- WHAT IS EXPECTED -
Look for the line containing "尊重原有自然风貌让建筑与人、" and the line containing "UAC Schuhbank Sitzbank" in the entries below. Copy those two and all lines between them exactly, leaving out pictures.

START DATA IN THIS EXERCISE

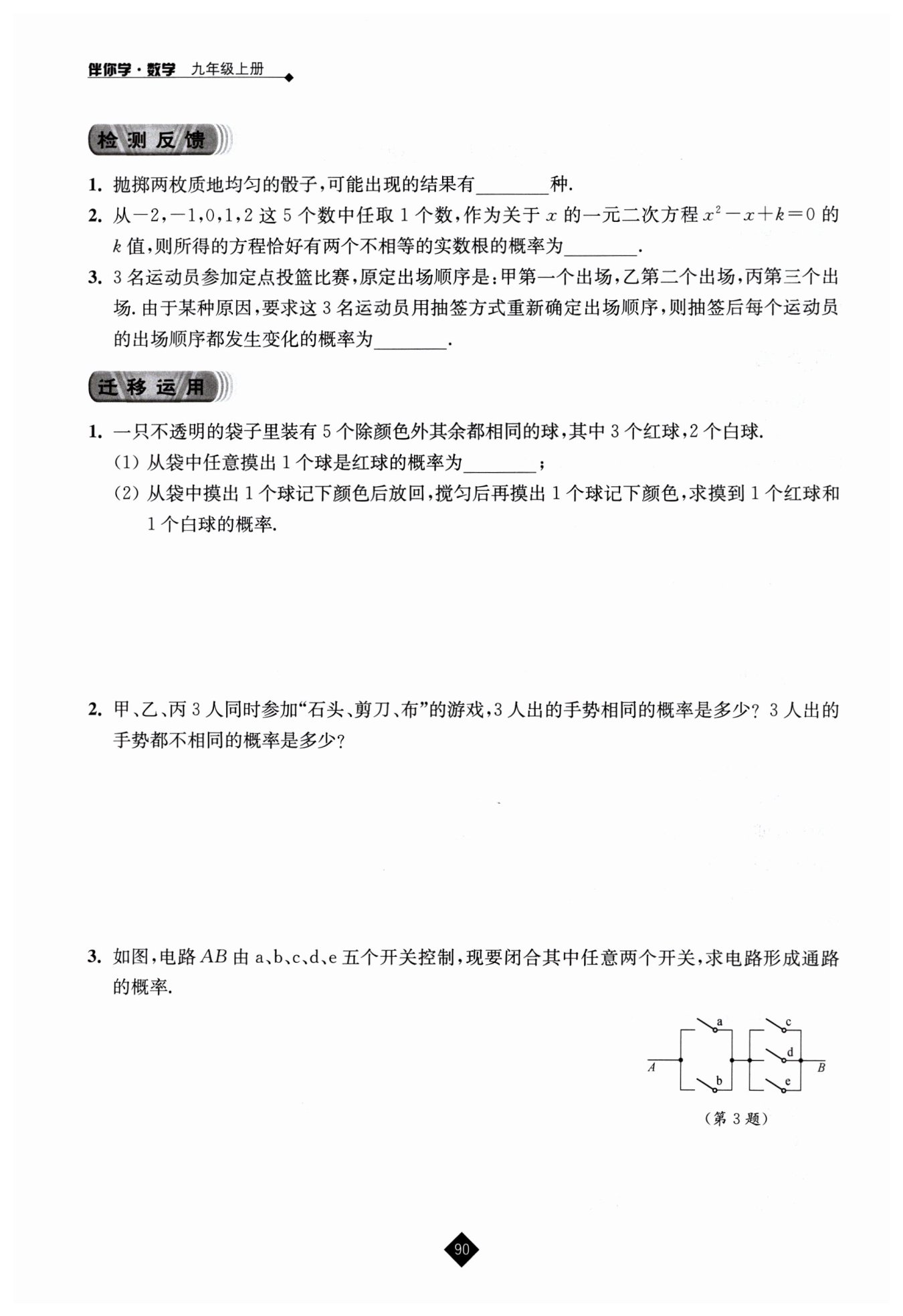 3. 通路事件數(shù):左側(a、b)選1個開關閉合,有 $ C_{2}^{1} = 2 $ 種方法;右側(c、d、e)選1個開關閉合,有 $ C_{3}^{1} = 3 $ 種方法。因此,通路的基本事件數(shù)為 $ C_{2}^{1} \times C_{3}^{1} = 2 \times 3 = 6 $ 種。 4. 概率計算:電路形成通路的概率 $ P = \frac{通路事件數(shù)}{基本事件總數(shù)} = \frac{6}{10} = \frac{3}{5} 。$ 結論:電路形成通路的概率為 $ \frac{3}{5} 。$
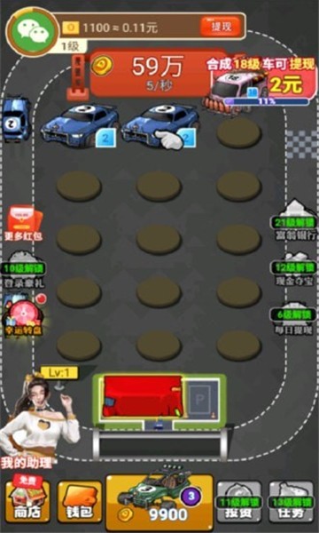 豪车收藏家游戏您可以通过连续合成来升级您的汽车,达到一定水平后,您将获得红包奖励,简单指尖即可获得很多红色信封,您每天可以执行不同的任务完整,您需要探索许多不同的功能,并且还有一些登录礼物,快来体验休闲综合游戏并获得很多好处。
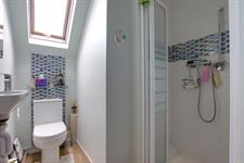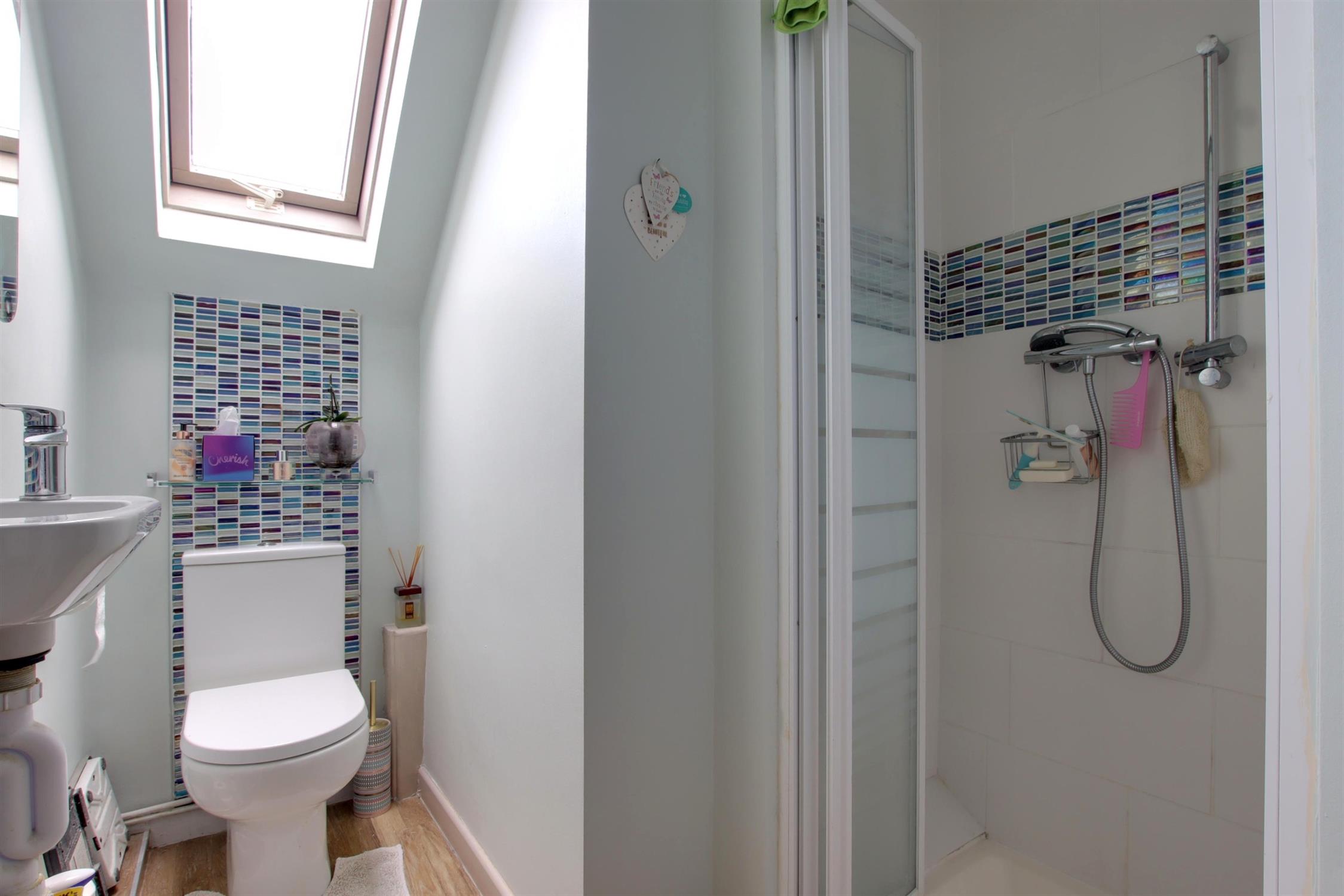 Skylight to the side aspect. Smooth ceiling. Suite comprising; shower cubicle. Low level WC. Wash hand basin. Heated towel rail. Part tiled walls. Wood effect luxury vinyl tiled flooring.
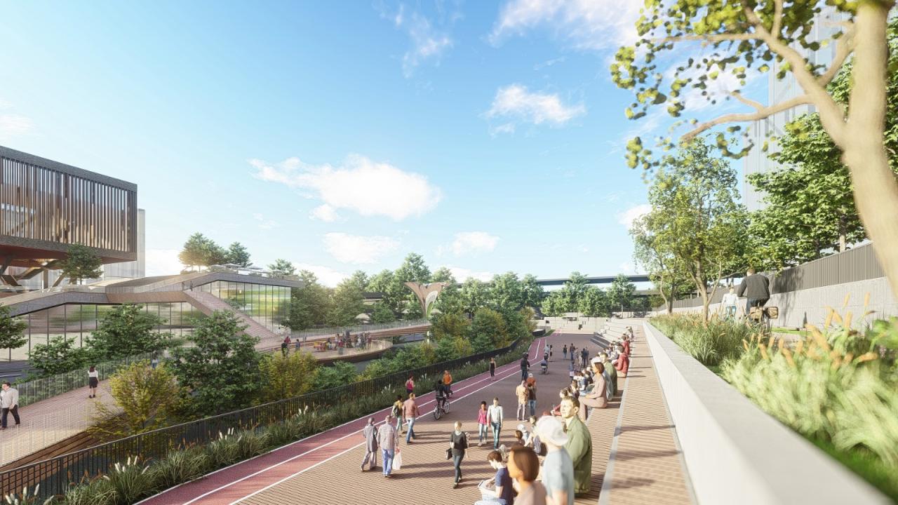 尊重原有自然风貌让建筑与人、自然三者和谐统一,无缝衔接城市空间。健康完善的公共设施、开放的街区以多个特色功能作为“兴趣点”带动区域发展,打造生态化、人性化、全天候的理想未来社区场所。
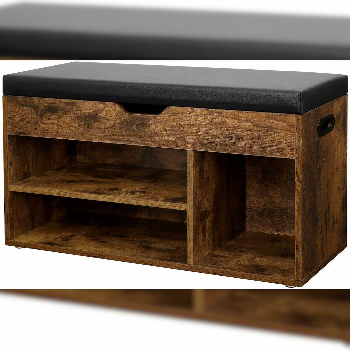 UAC Schuhbank Sitzbank 80 x 30 x 44 cm mit klappdeckel, gepolstert, 3 offene Fächer, Stauraum unter der Sitzfläche, bis 150 kg belastbar, dunkelbraun
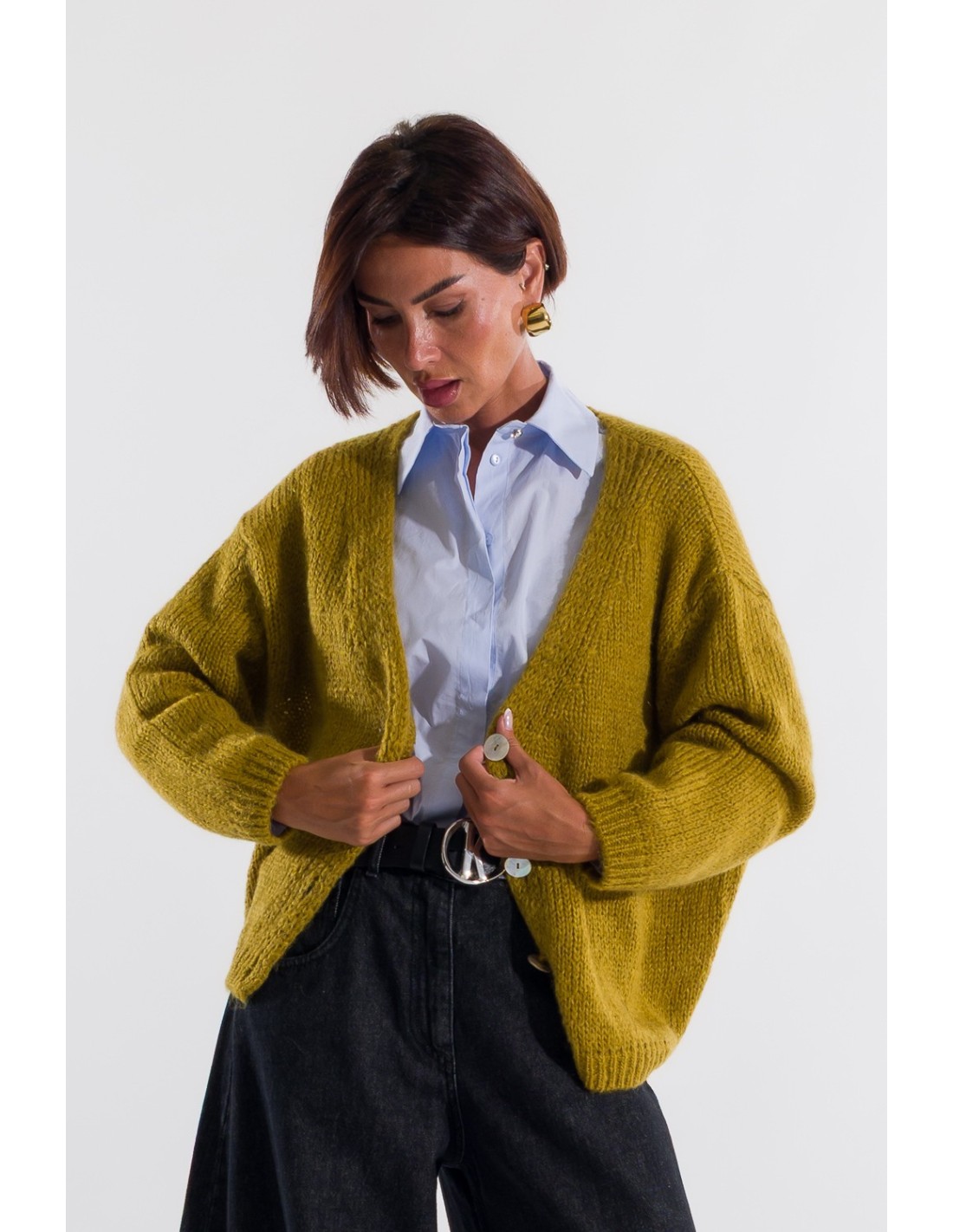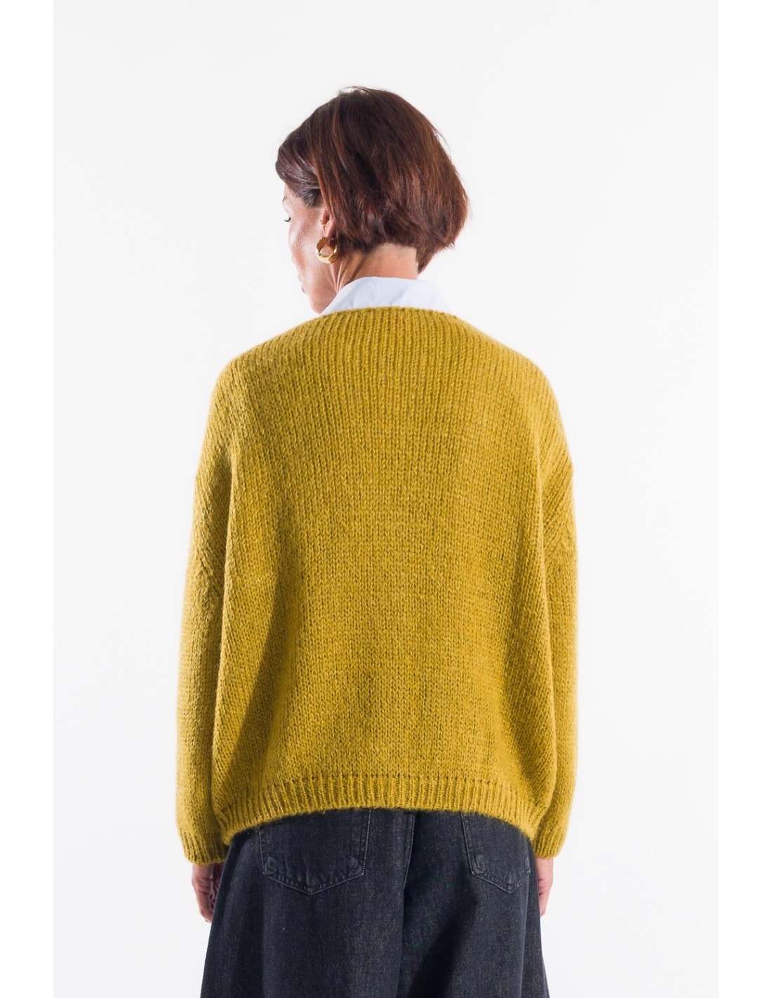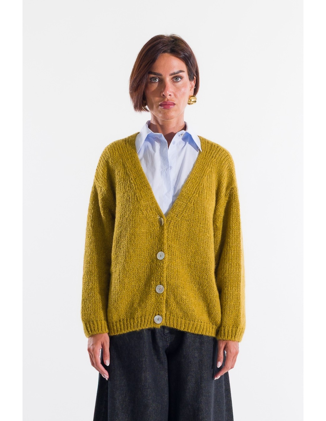 Kontatto interpreta a camisola cozy: linha suave e ligeiramente oversized que valoriza sem marcar. Fio macio com toque felpudo, agradável na pele. Decote em V profundo e botões maxi em madrepérola para um twist moderno. Perfeita sobre camisa no escritório ou com denim para o dia a dia.

END DATA IN THIS EXERCISE

- RESULT -
 尊重原有自然风貌让建筑与人、自然三者和谐统一,无缝衔接城市空间。健康完善的公共设施、开放的街区以多个特色功能作为“兴趣点”带动区域发展,打造生态化、人性化、全天候的理想未来社区场所。
 UAC Schuhbank Sitzbank 80 x 30 x 44 cm mit klappdeckel, gepolstert, 3 offene Fächer, Stauraum unter der Sitzfläche, bis 150 kg belastbar, dunkelbraun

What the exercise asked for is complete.